I joke to DH that I'm lucky to have a self-image the size of Wisconsin (don't ask me why I pick Wisconsin), because with the way I look right now, if I didn't have a lot of self confidence I'd be in trouble. I'm about 50 pounds overweight, but I've been overweight for years now since before DS was even conceived, so it's not "mommy weight" for me. I'm actually the lightest I've been in years now, since before DS was born, but I still have a LONG way to go. It bothers me in that I know it's not healthy and that I don't like the way clothes look on me, and I know that I want to do something about it sooner rather than later, but it apparently doesn't bother me enough to do anything right now, and it doesn't impact the way I feel about myself; something my parents did for me has made me never link my outward appearance to my self worth, and for that I am forever grateful (I have to remember to ask my mom how they approached that kind of stuff, cause they really hit it out of the park on that one with me). I know I could look a lot better than I do - but I don't really care enough about it just yet, I'm still too into the stains, dirt, and body fluids stage of small children to put much effort into looking polished.... I bought myself a nicer pair of olive khakis a couple months ago in an effort to be a step up from jeans, and the first time I wore them out I got something greasy on them and now they're ruined. Bah. I've been recently getting more motivated to change my eating habits, so I think within the next 6 months-year I'll probably start a sincere effort, once K is a little more independent. I don't want to be the frumpy, dumpy mom that embarrasses the kids...I want to embarrass them for other reasons, like my goofball personality.
DH is a guy who likes curves, so he has no issues with the way I look now - but also loved the way I looked when we met (50 pounds lighter), so he doesn't really care whether I'm heavier or lighter...then again, I don't think I would have married him if he did.

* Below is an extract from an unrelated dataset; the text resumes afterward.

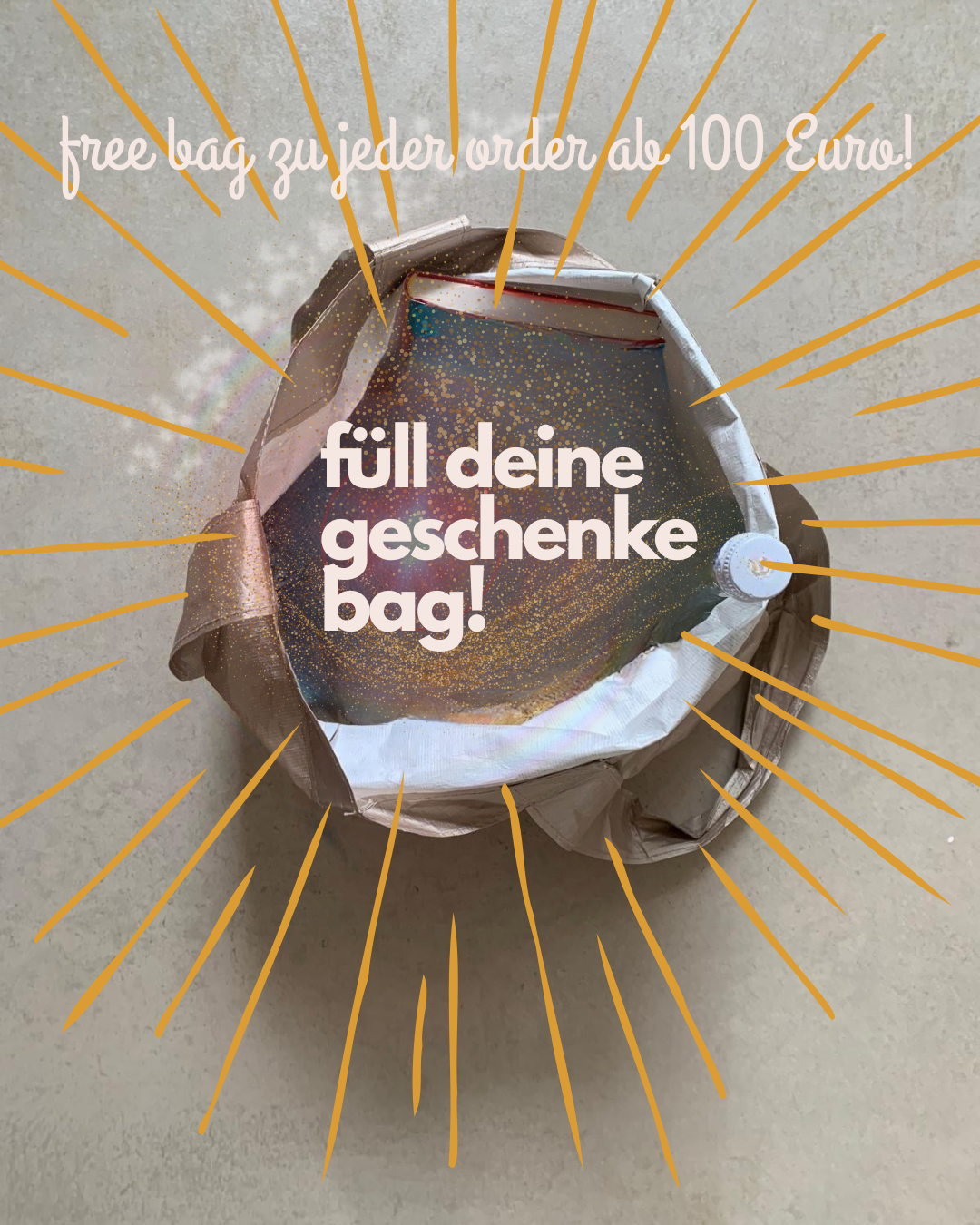 Und wenn dein Warenkorb 100.- erreicht hat, darfst du dir sogar eine schöne Tasche aussuchen. Zum Weiterschenken- oder behalten! Ist ja bald Weihnachten! = )

I think the thing that bothers me most and makes me feel badly about myself is the house and housework. When I'm "on" and doing things regularly, I feel great and the house looks good. I tick off the chores on my chore list, and things are good...but if I let things go for even 2 days, it's a disaster area and I get so upset about it, feeling like I'm still just a kid "playing house" and when am I going to grow up? And I'm not even striving for perfection or "white glove"; I'm just striving for not being horrified if someone wants to come over. DH pitches in his share of housework; but he also generates a LOT of mess. His parents are hoarders and messy too, and since I do have a slob tendency I have to really motivate myself to stay on top of things because I feel so much better when things are neat. Not sparkling, but not disaster area (which is all too easy to slip back to).
As far as how I feel about my parenting, I have challenges with DS, but I'm good with DD. With DS it's the standard high-energy-budding independence-preschooler stuff, but I have to regularly remind myself to keep my cool and treat him the way I want to be treated; if I slip up and don't, he lets me know by being an inconvenient but deadly accurate reflection in his words and actions. I think DD is going to give me a run for the money because she's already so intense and opinionated....should be a very interesting next few years.
So while I may overall be pretty "together" and seem to kind of let things roll off my back and just kind of groove on, sometimes it also seems like it's just hanging by a thread, you know? Overall things are great here, but it's hard, hard work.
I think what pains me most is that many women look at this impossible standard of "perfection" and then blame themselves when they fall short. NO ONE is perfect, and most of the things that look perfect on the outside are crumbling on the inside, and/or just not worth the price to be paid for the "perfection".